August 6, 2020, Trump took additional steps in his mobilization against Chinese technology, targeting another China's giant in the form of Tencent. Similar to the action on TikTok, the messaging service app WeChat owned by Tencent will be banned, as will any US transactions with Tencent. Those executive orders, released late Thursday, will take effect in 45 days.

Again, the US government cited national security issues when announcing restrictions on two popular Chinese social media apps. Now, under extremely high pressure, ByteDance is seeking an acquisition agreement with a US company; Microsoft is currently negotiating with ByteDance to acquire part of TikTok, which is scheduled to be completed on September 15.

About the impact of this executive order:

1) In 2019 Q4, Tencent's overseas game revenue accounted for 23% of overall game revenue, which was a relatively low percentage of its total revenue. It's been estimated that revenue from the US accounted for about 20% of overseas game revenue, and less than 5% of Tencent's overall game revenue, and less than 1% of the company's overall revenue – therefore, the ban has a limited impact on the company's revenue;

2) In terms of advertising, overseas WeChat users account for a relatively low proportion of WeChat's overall users. The number of US users is limited, and the level of monetization is low.

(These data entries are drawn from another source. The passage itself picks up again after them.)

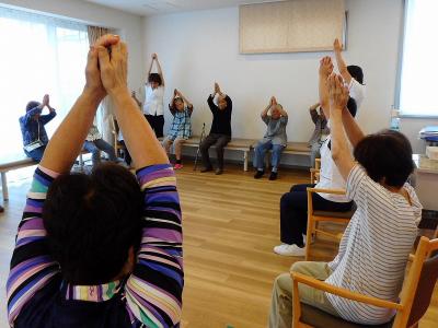 共立荻野病院の理学療法士による、少人数グループに分けての 体操指導が本日より始まりました。 理学療法士による熱心な指導により利用者様等も活気があふれ ています!!!
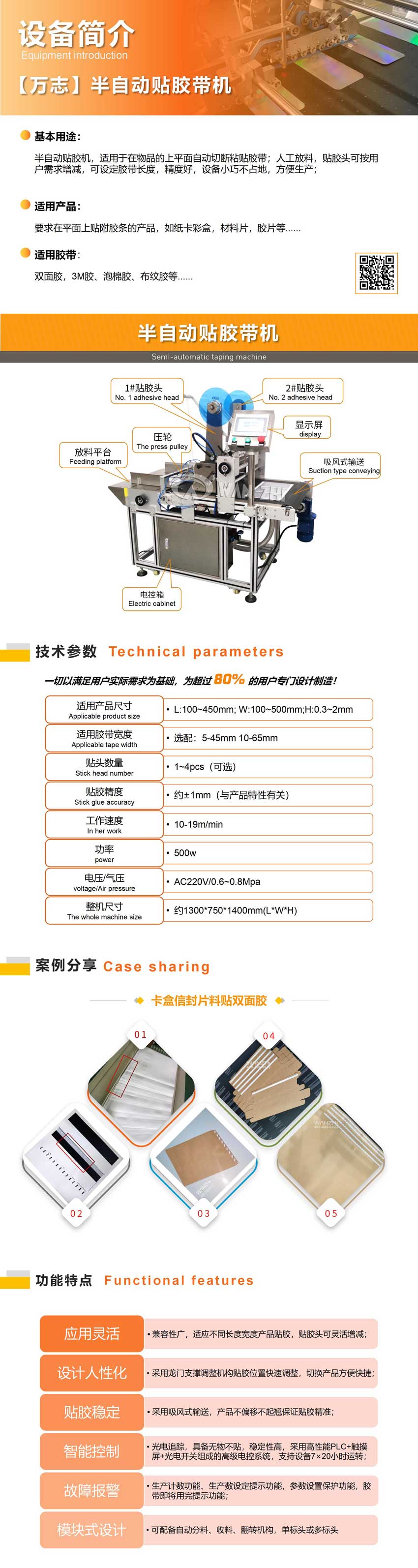 基本用途:自動貼雙面膠機適用于在各種物品的表面粘貼雙面膠帶;配置2個貼膠頭,膠帶長度可調,實現產品在2個不同位置貼膠帶的功能;如海報、紙盒、腰封等產品自動貼膠;20~280/150~500mm輸送寬度可眩
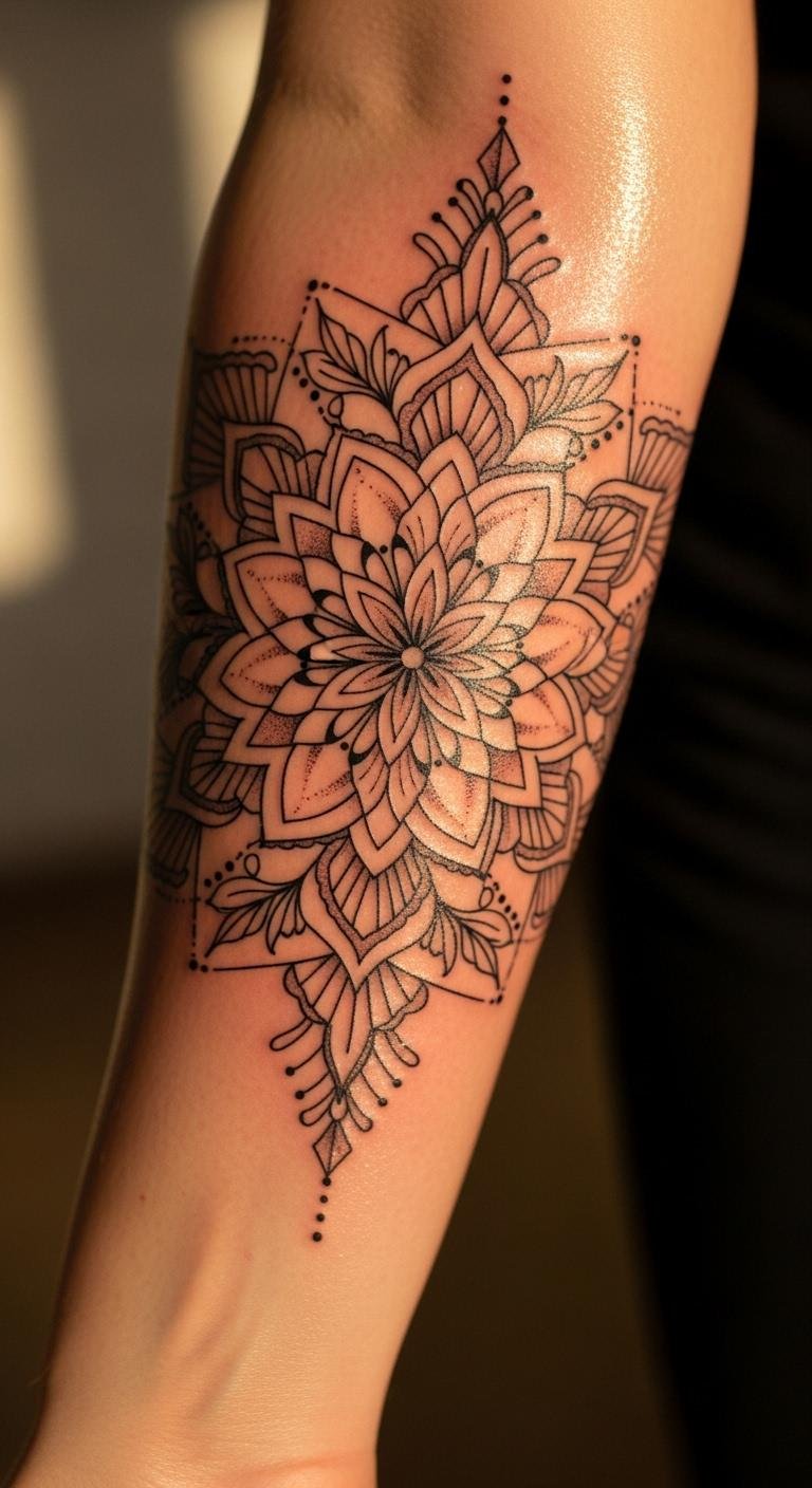 Form a mandala with geometric florals. It’s symmetrical and soothing. Find mandala templates online. Draw one on paper at home. Use string art for a home model. Keep the design basic. Center it on your forearm. This idea is meditative. Customize the flowers inside. It creates a focused piece.

It will not have a significant impact on advertising business revenue;

3) In other social entertainment fields (video, music, reading), the company's main business is concentrated in China. The current domestic market payment penetration rate is still low, and long-term development space is sufficient;

4) In terms of cloud business, in April 2018, the US Trade Representative Office (USTR) began to work on restrictions on cloud computing services invested by Chinese companies in the U.S., After that, Chinese activity in the US is relatively limited. The main overseas revenue comes from the European and Southeast Asian markets.

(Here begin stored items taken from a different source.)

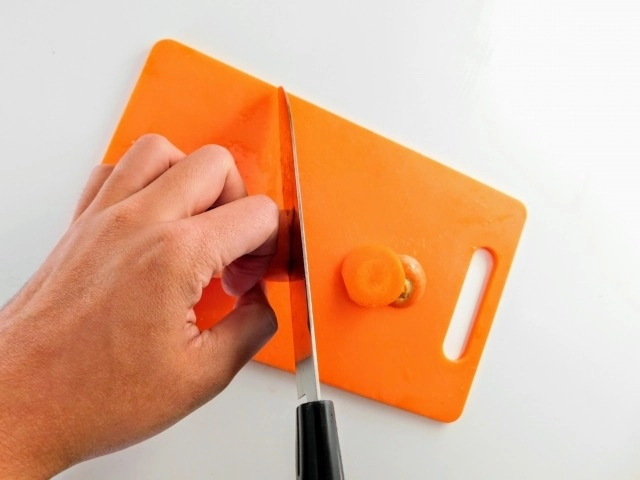 包丁を持つときは、まず利き手で包丁の柄の部分をグーで握ります。親指、人差し指、中指でしっかりと握り、残りの2本の指は軽く添える程度にしましょう。子どもの手の上に大人の手をかぶせていっしょに確認しながら持ち方を練習すると上手くいきますよ。
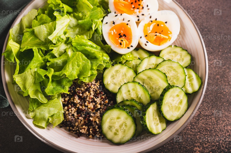 Крупным планом фитнес-тарелка с киноа, огурцом, яйцом и салатом на столе
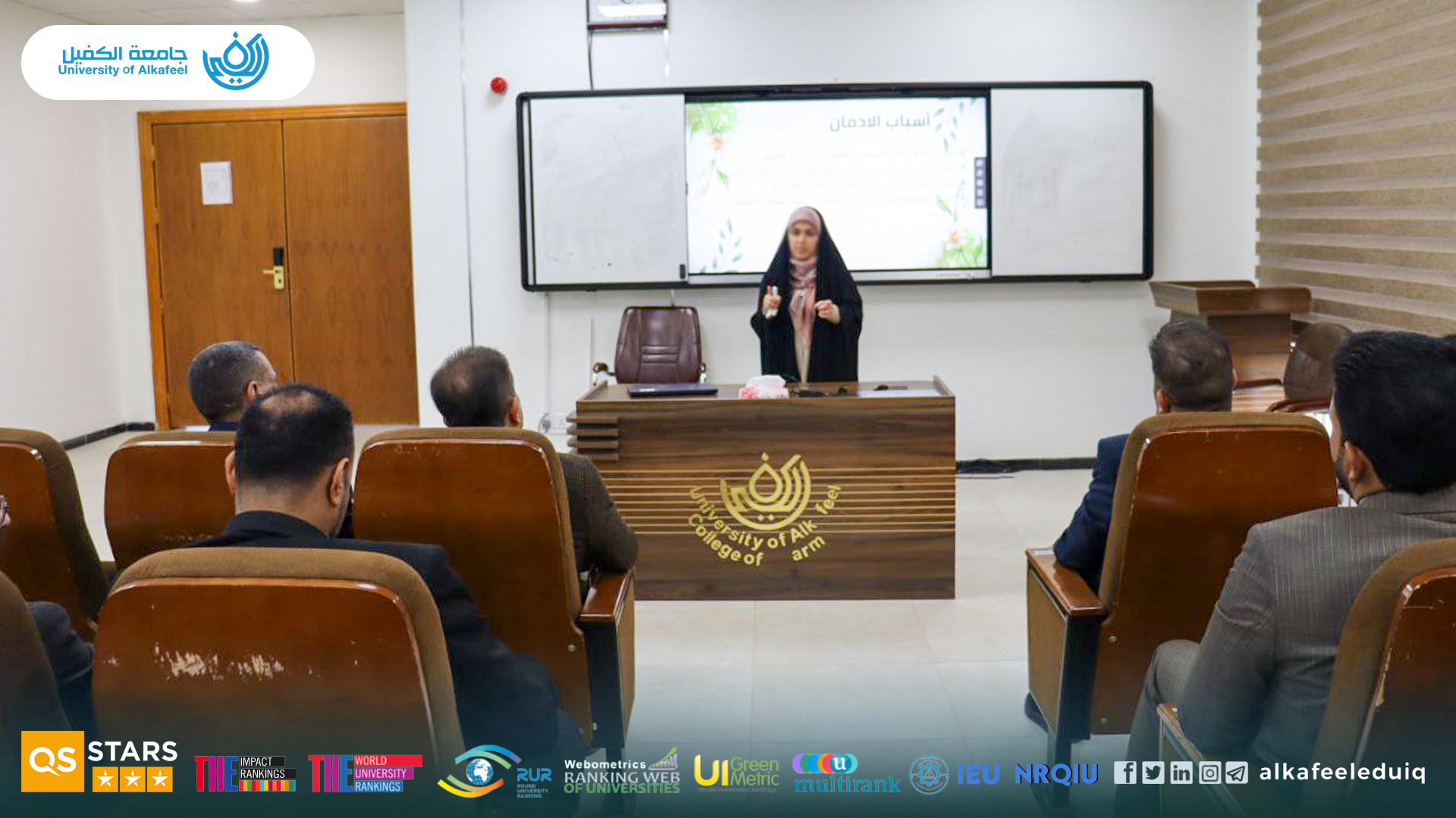 The course was presented by Asst.Lect. Rasel Hammoudi Hassan, who addressed various aspects of addiction in its different forms, particularly behavioral and chemical addiction, highlighting its psychological, social, scientific, and religious causes and its negative repercussions on the individual and society. Such an event enhances the health and cultural awareness among the participants and explains the methods of prevention, treatment, and recovery by offering practical solutions and guidance that contribute to reducing this serious phenomenon. The College of Pharmacy and its Lifelong Learning Unit are keen to show their efforts to disseminate awareness and the humanitarian and scientific role of academic institutions in addressing contemporary societal challenges.

Tencent's current major investments in the US include: Riot Games (holding controlling interest); Epic Games (holding 48.4% stake); Activision Blizzard (holding 6.0% stake); Spotify (holding 10.0% stake); Snapchat (holding 10.0% stake; Tesla (holding 5.0 stake).

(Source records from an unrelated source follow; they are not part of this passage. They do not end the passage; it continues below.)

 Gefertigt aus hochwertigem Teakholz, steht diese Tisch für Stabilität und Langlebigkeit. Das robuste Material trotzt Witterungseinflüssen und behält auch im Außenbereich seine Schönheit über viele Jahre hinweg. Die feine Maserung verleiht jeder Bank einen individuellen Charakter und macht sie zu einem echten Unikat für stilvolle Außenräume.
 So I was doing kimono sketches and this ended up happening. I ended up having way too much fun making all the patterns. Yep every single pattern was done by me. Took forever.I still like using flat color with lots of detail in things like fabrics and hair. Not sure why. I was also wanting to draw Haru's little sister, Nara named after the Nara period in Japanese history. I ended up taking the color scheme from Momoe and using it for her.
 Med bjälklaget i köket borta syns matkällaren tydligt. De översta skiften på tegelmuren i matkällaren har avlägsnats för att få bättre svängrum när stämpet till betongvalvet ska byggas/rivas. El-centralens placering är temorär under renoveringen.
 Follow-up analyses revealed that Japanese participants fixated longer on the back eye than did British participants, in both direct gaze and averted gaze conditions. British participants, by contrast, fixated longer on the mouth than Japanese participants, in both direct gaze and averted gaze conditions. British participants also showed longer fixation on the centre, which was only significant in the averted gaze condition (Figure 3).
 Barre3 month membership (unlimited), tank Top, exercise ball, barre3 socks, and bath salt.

According to an analyst from Huatai Financial Holdings, Tencent's current investments in the US are mainly in the field of entertainment content and do not involve the social communications field that this ban focuses on, and Tencent does not have a controlling stake in most of the companies it invests in, that is, it does not have the authority to obtain and manage user data. It's been estimated that Tencent's main investment in the US currently only accounts for about 3% of Tencent's current market value, and the overall risk is controllable.